И о первых мучительствах – а сколько их ему выпало! – рассказал Аввакум в подробностях. О буйных жителях села Лопатищи, чуть не до смерти убивших его в отместку за скоморохов, которых он изгнал, изломав их ухари и бубны и отняв медведей; о Василии Петровиче Шереметеве, повелевшем сбросить его в Волгу за то, что отказал он в благословении его сыну Матвею, срамному бритобрадцу; и о печальном начале своего протоиерейского служения в Юрьевце-Повольском, где прихожане, подзуженные начальниками-блудодеями, люто избили его батожьем и рычагами.
Начнешь вспоминать и не кончишь!.. Только перевел он дух в Москве, куда бежал из Юрьевца-Новольского под крыло друга, протопопа Неронова, как вошел в силу Никон, призванный царем на патриарший престол. Властолюбивый, хитрющий, мозговитый толстогуб принялся насаждать в церкви греко-римскую блудню. Сие угодно царю Алексею было для его политики противу туркского султана. Прямым наследником и заступником византийского упадка выходил теперь царь Великия, Малыя и Белыя России. Да неугодно ему было, что Никон сам над царской властью подняться возжелал. Но – это уже много после оказалось, а в те ранние поры новый патриарх, во всем от царя – доверенный, повел православную церковь под греко-римское ярмо, безжалостно расправляясь с супротивниками: кого в тюрьму, кого в ссылку, кого на тот свет.
…Тут и лучшие зашатались!.. Сам Неронов, настрадавшись по дальним монастырям, осунувшись плотью до лепестковой тонины, утратив надежду на торжество правды, принял три перста да с тем и отошел. Ему, миленькому, хоть тонкий лучик надежды, как в щели от лампадного огня, потребен был, дабы соблюсти душу. А ты выстой без надежды, без топкого лучика света, в непроглядной темени земляной могилы, где и хлеб едят, и ветхия испражняют; выстои, когда жена твоя и чада тоже брошены в мерзлую тундряную землю; да и не просто выстой, а укрепляй через тысячи верст преданных истинной вере и сокрушай вероотступников; выстой в грязи, смраде и духоте, когда достаточно тебе сложить трехперстую дулю – и сам царь тебя в объятия примет и с целованием к груди прижмет. Конечно, не нынешний, скудный духом младой Федор, а могутный отец его Алексей, прозванный Тишайшим, хотя крови больше самого Грозного пролил. Любил он в тайности чувств своих Аввакума, хотел мира с ним, в нем и царице открылся… Ближнего боярина и самого верного человека Артамона Матвеева сколько раз к нему посылал и сам возле его темницы в Николо-Угрешском монастыре со вздохами и стенаниями бродил в надежде размягчить душу протопопа. И Аввакум жалел его, сердцем жалел заблудшего государя, да ведь не бывает двух правд, правда одна, и коль сведома она тебе, то и держись ее до смертного часа. Но не ему Неронова судить. Может, потому и не снес искуса, бедненький, что не сподобил его господь дара письменного слововыражения. Не было выхода его душе.

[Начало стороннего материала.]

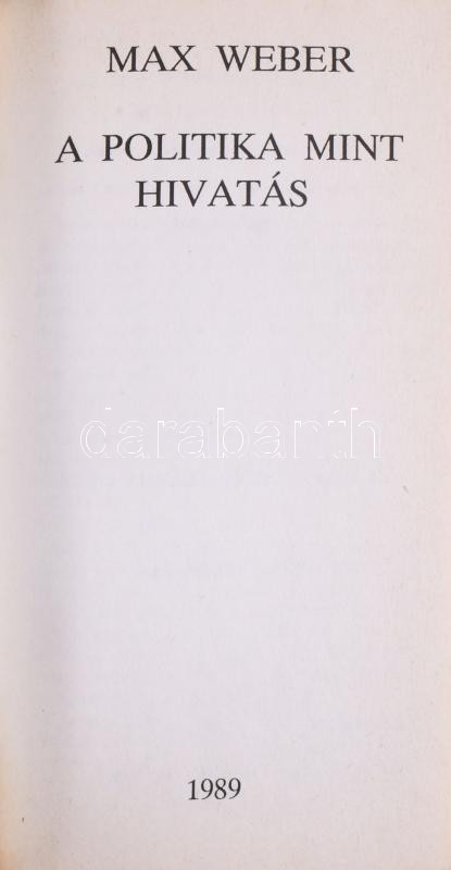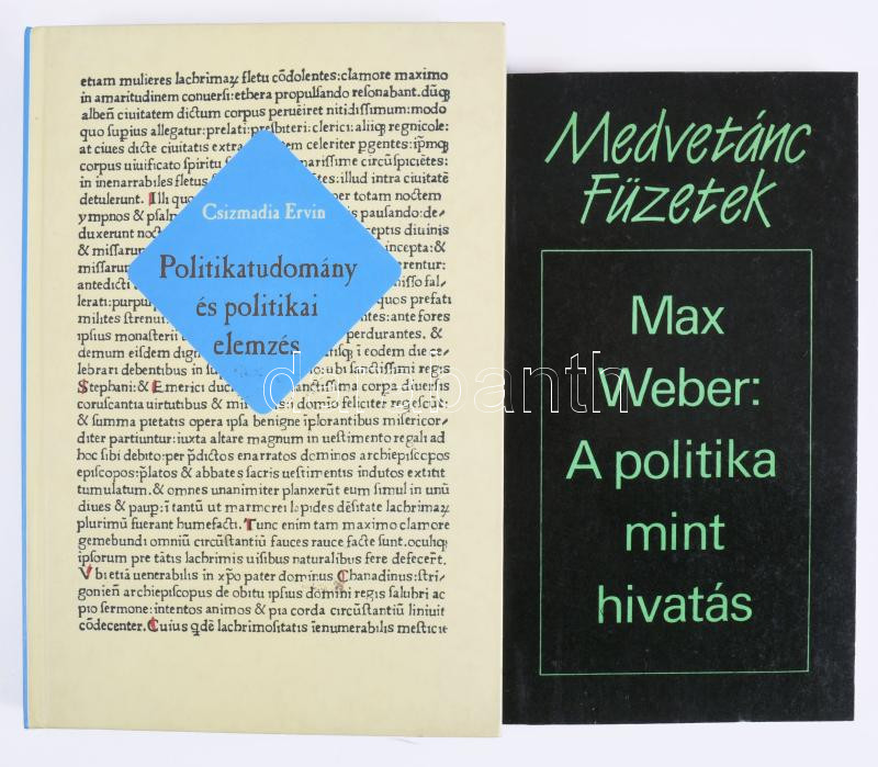 Max Weber: A politika mint hivatás. Medvetánc Füzetek. Bp.,1989.,ELTE - Marx Károly Közgazdaságtudományi Egyetem Művelődéskutató Intézet. Kiadói papírkötés. + Csizmadia Ervin: Politikatudomány és politikai elemzés. Bp., 2008, Századvég. Kiadói kartonált papírkötés.

Аввакум узнал, какая великая милость дарована ему господом богом: глаголом души опалять, когда направил иерисиарху всея Руси свое первое послание, сочиненное купно с Даниилом, костромским протопопом. Оценил царь с патриархом по достоинству сие творение: Даниила в Астрахани терновым венцом венчали и в земляной тюрьме уморили, а Аввакума Борис Нелединский со стрельцами прямо от всенощной, которую он на сушиле у Неронова служил, взяли и в Андроньевом монастыре на чепь посадили. И вот тогда впервой заступился за него царь: не дал расстричь, обошлось дело сибирской ссылкой.
Обошлось!..
Уехал он туда священником, пусть и потерпевшим от скорого на расправу Никона – да таких уже немало было в русской церкви, – а вернулся мучеником за веру и народным ироем. Возвели его в этот высокий и страшный сан страсти, претерпленные от воеводы Пашкова, покорителя Даурии, лютейшего из лютых самоуправцев, собственное непокорство, мятежный дух – казаков на бунт подбивал – и огнеустые послания царю, никонианам, наставления чадам духовным.

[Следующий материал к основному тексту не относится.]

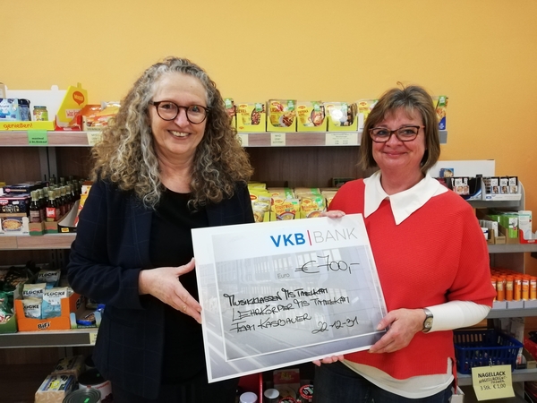 Die Schüler*innen der Mittelschule Timelkam konnten nach zwei Jahren Pause wieder zu einem Weihnachtskonzert einladen. Die Hälfte des Erlöses (400,00) aus den frewilligen Spenden wurde an den KORB übergeben. Die Lehrkörper und die Familie Kasbauer rundeten den Betrag noch auf. Schlussendlich konnte Frau Judith Pichlmann in Summe 700,00 überreichen.

Как ни лют, ни беспощаден был собиратель земель сибирских, ратный муж Пашков, не мог бы он так зверовать над священнослужителем в протоиерейском сане, если б не тайное повеление от самого Никона. Он и бил нещадно Аввакума, и в яму бросал, и топил в сибирских холодных реках и в глубоких озерах, и морозил в снегах, и голодом морил – что волк или медведь оставит, тем питалось Аввакумово семейство, сосновую кашу за лакомство почитали, – под конец и вовсе огнем и железом пытать хотел, мстя за сына, пропавшего в Монголии со своей дружиной. Пашков-сын у волхвов об удаче похода просил, а не у святой православной церкви, за что и был проклят протопопом. Уже похороненный и оплаканный близкими, сын вернулся в тот самый миг, когда огонь уже опалил бороду протопопу. И поник сивой головой гордый воевода, надломился его могучий дух. Он давно уже об одном только мечтал – услышать хоть слово смирения от протопопа, – но не дождался. И какая-то робость поселилась в косматом сердце завоевателя, привыкшего ломать и гнуть всех без разбору. Бросив Аввакума с семейством без продовольствия и снаряжения посреди враждебных инородцев, воевода ушел в Москву, как бежал. И спрашивал себя протопоп: кто же кого больше мучил, Пашков его или он Пашкова? Похоже, что осилил вооруженного до зубов воина иерей в затасканной рясе.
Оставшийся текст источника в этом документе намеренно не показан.